Right, so my question is that we have a read aggregation query which runs at a certain QPS that it utilises 25% cpu of the data nodes (this was before we added co-ordinator nodes).

Now after adding the co-ordinator nodes, the co-ordinator nodes only experience a spike of 5%, whereas the load on the data nodes is the same…why are the co-ordinator nodes not helping in the aggregation over here?

Is it necessary for the number of primary shards to be a multiple of the routing_partition number?

It is helping with part of the aggregation work, but as far as I know most of the work is done at the shard level, which has to be executed on the data nodes.

I do not know. Even if you increase the number of partitions I do not see it resolving the issue. At best it probably just gives you a bit of added time.

I have no experience setting this up but would suspectvthere is a level of configurability involved. I ran a quick serach onbline and found some guides around optimising e.g. the number of IO threads. If this is all correctly configured it sounds like you should be able to achieve near native performance corresponding to your IOPS quotas, but there is no way for us to know whether that is the case or not.

Did you have a chance to verify that your deduplication logic is working as expected so we can remove that as a potential issue/contributing factor?

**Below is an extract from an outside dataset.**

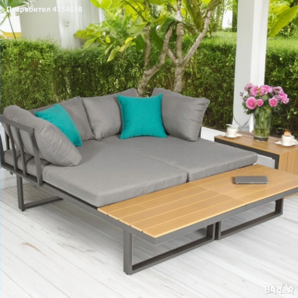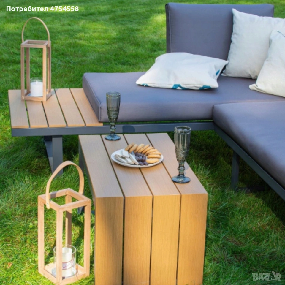 Градински комплект KANZA - модулен ъглов диван от алуминий с удобни възглавници и маса
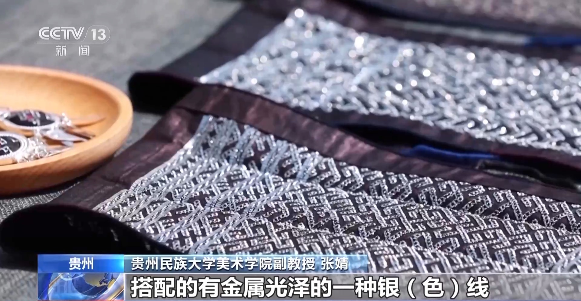 貴州民族大學美術學院副教授 張婧:錫繡會用到一些藏青色的底布、暗色系的絲線,搭配有金屬光澤的一種銀色線,以此形成強烈對比。對中國傳統(tǒng)刺繡、苗族刺繡來說,它的藝術風格都是具有自己鮮明特征的。

Not yet, have noted that down as one of the action item to complete by today (hopefully :P) :smiley:

1 Like

Approaching 100 posts on this thread ...

@Lakshya_Gupta please try to share the iostat -ztcxd 60 60 or iostat -ztcxd 10 360 output and kibana screenshots, ideally covering same period that includes the 90%+ CPU load. What I want to see is do you ever get a sustained period with IOPS higher than a couple of K on the at-the-time loaded data nodes?

I probably looked at similar posts to @Christian_Dahlqvist about possible issues (gotchas even) with different virtualization setups in terms of IO. But via this forum that sort of low level stuff is going to be really difficult to pin down, just too many variables.

If I've interpreted it right, thats kind of good news, the disks are in the physical servers running the VMs. But a critical word there is "shared". I'd like to know how "shared" these resources are, what you are sharing with, what else are you sharing, are you even having multiple elasticsearch data node VMs on the same physical server? e.g. maybe your increase of CPU count from 20 to 32 made little difference because the CPUs were already overcommitted.

Also:

LVMs here might mean Linux Logical Volume Manager (lvm) devices, but can have other interpretations. But again it's just another level of abstraction, which makes seeing things clearly hard. And, without a doubt, SR-IOV would work better if setup correctly.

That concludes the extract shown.